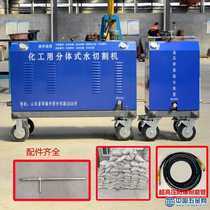 本产品属于冷切割,具有无明火、无高温、无静电优势,特别适用于煤矿、石油、化工、救援、等易燃易爆环境。产品体积小、重量轻,便携,可在高空及狭小空间环境作业。直接利用加磨料水射流的动能对金属进行切削而达到切割目的,其过程中无化学变化,具有对切割材质理化性能无影响、无热变形、切缝窄、精度高、切面光洁、清洁无污染等优点。简易培训即可使用。水切割机配合公司研发的各种工装,如:锚杆切断器、法兰螺丝切断器、圆钢切断器、钢板切割器有效加快切割速度,快速完成切割。
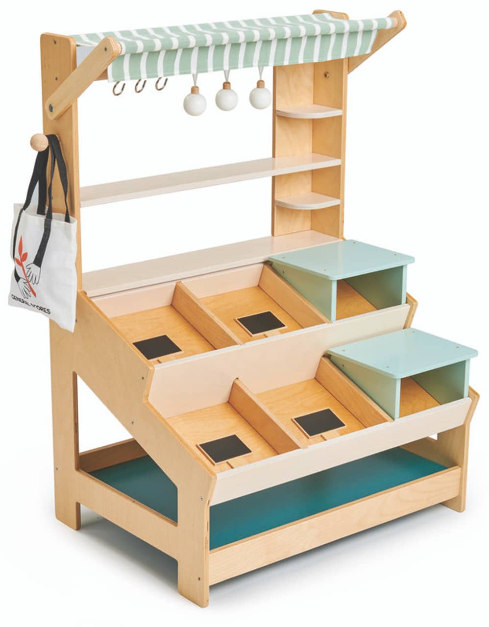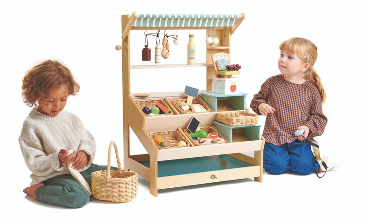 Un maravilloso elemento de juego de roles abierto y social que sin duda será la pieza perfecta en una sala de juegos. No olvides llenar el mercado con productos de madera para jugar de la gama Tender Leaf Toys.
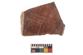 | Description / विवरण | Specimen of black on red ware with black decorative Horizontal lines geometric painting. |
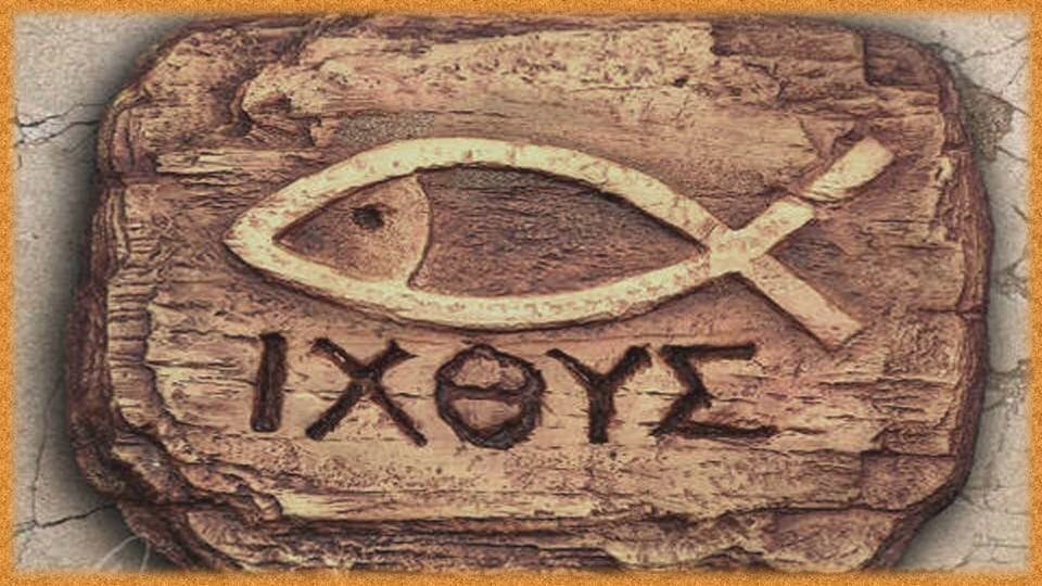 В качестве самого первого «логотипа» христианского сообщества выступало изображение рыбы либо в относительно натуралистичной манере, либо в стилизованном виде в форме т.н. ихтюса. Разумеется, подобный выбор не случаен. Буквы, складывающиеся в слово «ихтюс» из древнегреческого языка, образуют собой аббревиатуру фразы, переводящуюся на русский язык как: «Иисус Христос, Сын Божий, Спаситель».

Instructions for the task:
Copy the material exactly. Do not include the pictures.

Written answer:
 本产品属于冷切割,具有无明火、无高温、无静电优势,特别适用于煤矿、石油、化工、救援、等易燃易爆环境。产品体积小、重量轻,便携,可在高空及狭小空间环境作业。直接利用加磨料水射流的动能对金属进行切削而达到切割目的,其过程中无化学变化,具有对切割材质理化性能无影响、无热变形、切缝窄、精度高、切面光洁、清洁无污染等优点。简易培训即可使用。水切割机配合公司研发的各种工装,如:锚杆切断器、法兰螺丝切断器、圆钢切断器、钢板切割器有效加快切割速度,快速完成切割。
 Un maravilloso elemento de juego de roles abierto y social que sin duda será la pieza perfecta en una sala de juegos. No olvides llenar el mercado con productos de madera para jugar de la gama Tender Leaf Toys.
 | Description / विवरण | Specimen of black on red ware with black decorative Horizontal lines geometric painting. |
 В качестве самого первого «логотипа» христианского сообщества выступало изображение рыбы либо в относительно натуралистичной манере, либо в стилизованном виде в форме т.н. ихтюса. Разумеется, подобный выбор не случаен. Буквы, складывающиеся в слово «ихтюс» из древнегреческого языка, образуют собой аббревиатуру фразы, переводящуюся на русский язык как: «Иисус Христос, Сын Божий, Спаситель».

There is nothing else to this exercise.